Views on DMART shared on CNBC by SiMPL
Somebody recently asked me about Avenue Supermart (DMart). I said it was a valuation challenge. Amazon was a valuation challenge earlier, as it had strong growth but was not generating cash. But the difference with DMart is that it is generating cash. Last quarter, they had sales of Rs 4,000 crore, so let’s say the annual sales are Rs 16,000 crore. Their net margins is about 6-7 percent, so they can make profit of Rs 1,000 crore. To generate Rs 16,000 crore of sales, they only require Rs 2,000 crore of capital. Let’s assume that they can grow at 25 percent for the next 10 years and maintain these margins and capital turnover. So the sales will reach Rs 160,000 crore and they will generate Rs 10,000 crore cash in 10 years. They will also have some cash on the books, as they will not invest all the cash flows. A company like this, which generates Rs 10,000 crore of cash, can easily be valued at Rs 250,000, plus they will have cash. The current market is Rs 80,000 crore. So it can be 3-4x in 10 years – which is better than keeping money in the bank – but I think there could be better opportunities over time. But you have to keep thinking and valuing businesses. If you think 10 times, you will know what to do when opportunities come.
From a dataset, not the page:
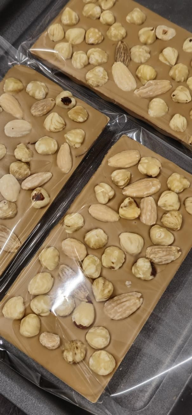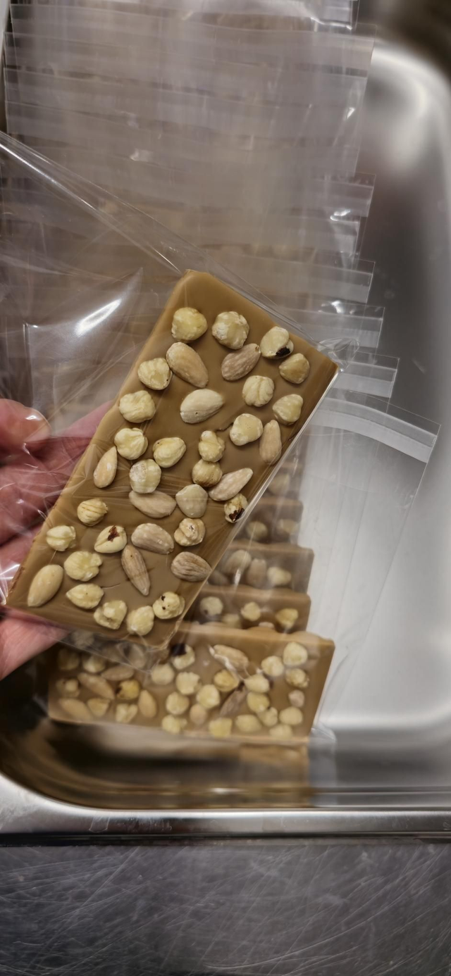 Caramel chocolate bar with hazelnut.
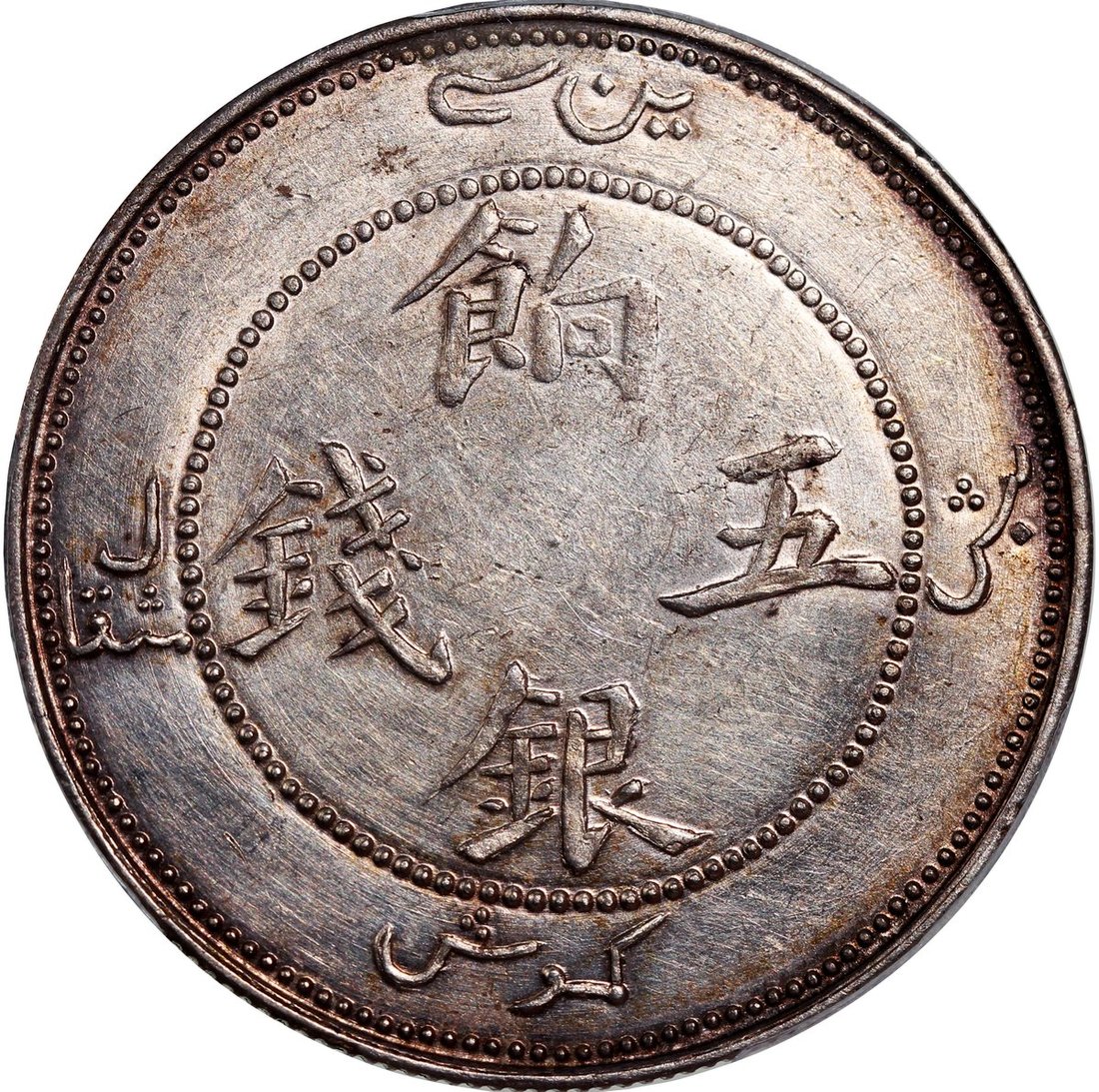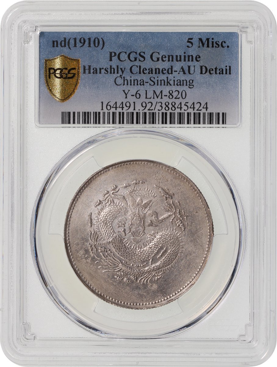 Sinkiang Province, silver 5 miscals, ND (1910), (Y-6, LM-820), PCGS AU Detail (Harshly Cleaned)

So if you break up the value of the business – the first is how much sustainable money they are making. Like DMart is making Rs 1000 crore profit now, and you think that is sustainable. Now if you put money in a bank today – you get 6 percent interest rate, so the value of that Rs 1,000 crore is at least 16x (~100/6 percent), so Rs 16,000 crore. The second is, what is the minimum growth that you can project over the next many years? I take that at a nominal GDP growth of 12-15 percent. That will give another Rs 15,000-20,000 crore of value. So you can attribute Rs 30,000-35,000 of value to these. Then there will be other opportunities that the company can exploit – that the market is valuing at Rs 45,000 crore today. The composition of these three changes over time. At some time, the first component accounts for 70 percent of the market capitalisation and the second component accounts for 35 percent of the market capitalistaion of the company. Which means the third component is negative 5 percent, which the market is not willing to value. In bear markets, the capitalistaion might even be lower than the first component of the value, and you find that the second component definitely has some value. So one can wait for situations where working backwards one has to make less assumptions on the second and third components. If one has to make detailed calculations to justify valuations, then it’s probably not worth it.